Assignment:
All that is needed is the run of lines from the top of the entries to the line with "Foto van Joodse", that line included, repeated exactly and free of pictures.

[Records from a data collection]

—————

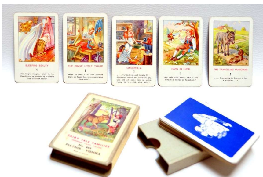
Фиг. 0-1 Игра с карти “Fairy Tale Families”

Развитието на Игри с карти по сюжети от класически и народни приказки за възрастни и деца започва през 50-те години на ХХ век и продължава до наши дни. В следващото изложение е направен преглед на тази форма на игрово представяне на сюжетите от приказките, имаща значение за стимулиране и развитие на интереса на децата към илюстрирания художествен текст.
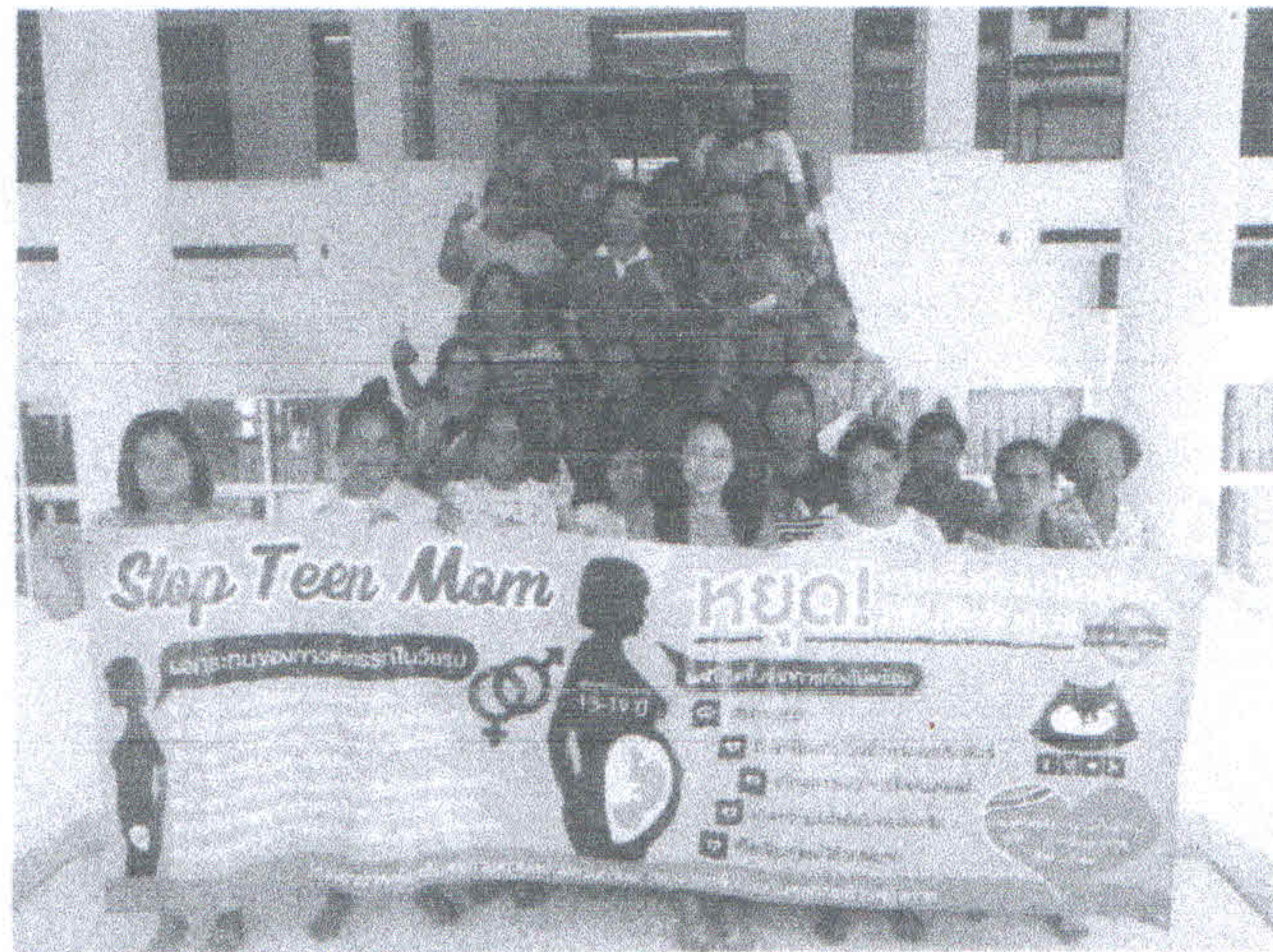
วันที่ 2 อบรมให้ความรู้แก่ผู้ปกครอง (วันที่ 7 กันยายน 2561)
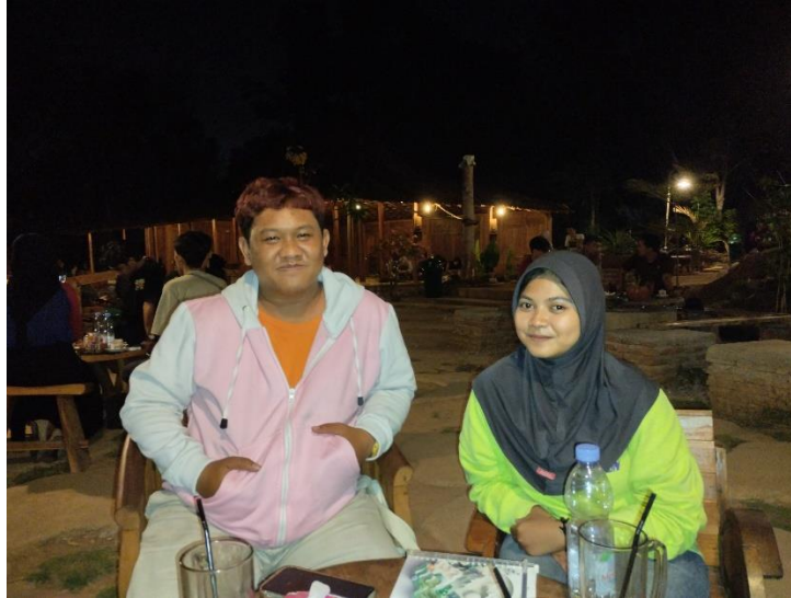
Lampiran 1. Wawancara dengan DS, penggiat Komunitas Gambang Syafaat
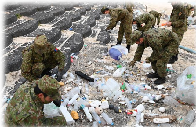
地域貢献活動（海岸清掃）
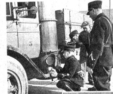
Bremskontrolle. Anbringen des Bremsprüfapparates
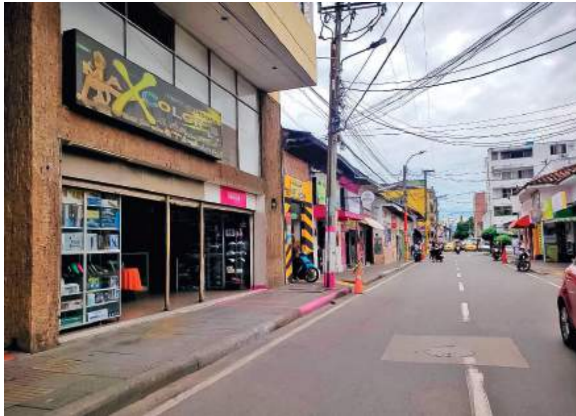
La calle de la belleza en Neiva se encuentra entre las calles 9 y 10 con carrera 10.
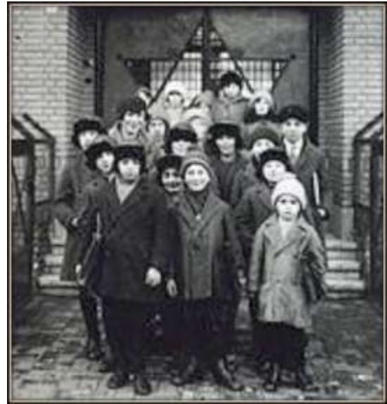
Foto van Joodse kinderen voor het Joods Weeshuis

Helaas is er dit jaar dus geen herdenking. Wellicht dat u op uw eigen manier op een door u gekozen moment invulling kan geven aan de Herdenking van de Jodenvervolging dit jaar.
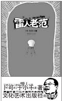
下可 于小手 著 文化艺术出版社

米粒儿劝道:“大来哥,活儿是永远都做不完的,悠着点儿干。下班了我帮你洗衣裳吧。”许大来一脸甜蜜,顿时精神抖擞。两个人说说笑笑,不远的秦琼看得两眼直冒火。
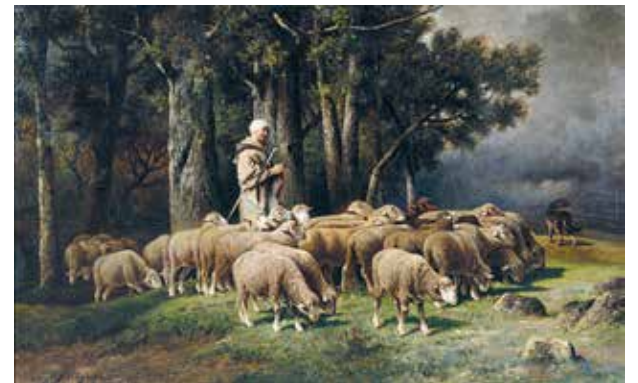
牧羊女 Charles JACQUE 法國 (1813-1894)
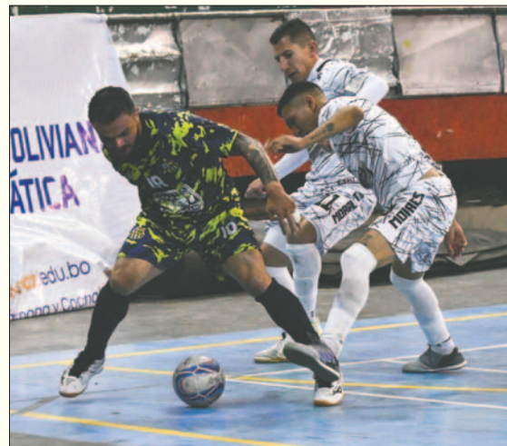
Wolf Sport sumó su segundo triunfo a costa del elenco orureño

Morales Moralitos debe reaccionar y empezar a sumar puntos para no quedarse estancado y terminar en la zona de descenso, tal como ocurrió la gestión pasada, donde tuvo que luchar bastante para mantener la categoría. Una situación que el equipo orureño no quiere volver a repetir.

—————

The completed task:
Фиг. 0-1 Игра с карти “Fairy Tale Families”

Развитието на Игри с карти по сюжети от класически и народни приказки за възрастни и деца започва през 50-те години на ХХ век и продължава до наши дни. В следващото изложение е направен преглед на тази форма на игрово представяне на сюжетите от приказките, имаща значение за стимулиране и развитие на интереса на децата към илюстрирания художествен текст.
วันที่ 2 อบรมให้ความรู้แก่ผู้ปกครอง (วันที่ 7 กันยายน 2561)
Lampiran 1. Wawancara dengan DS, penggiat Komunitas Gambang Syafaat
地域貢献活動（海岸清掃）
Bremskontrolle. Anbringen des Bremsprüfapparates
La calle de la belleza en Neiva se encuentra entre las calles 9 y 10 con carrera 10.
Foto van Joodse kinderen voor het Joods Weeshuis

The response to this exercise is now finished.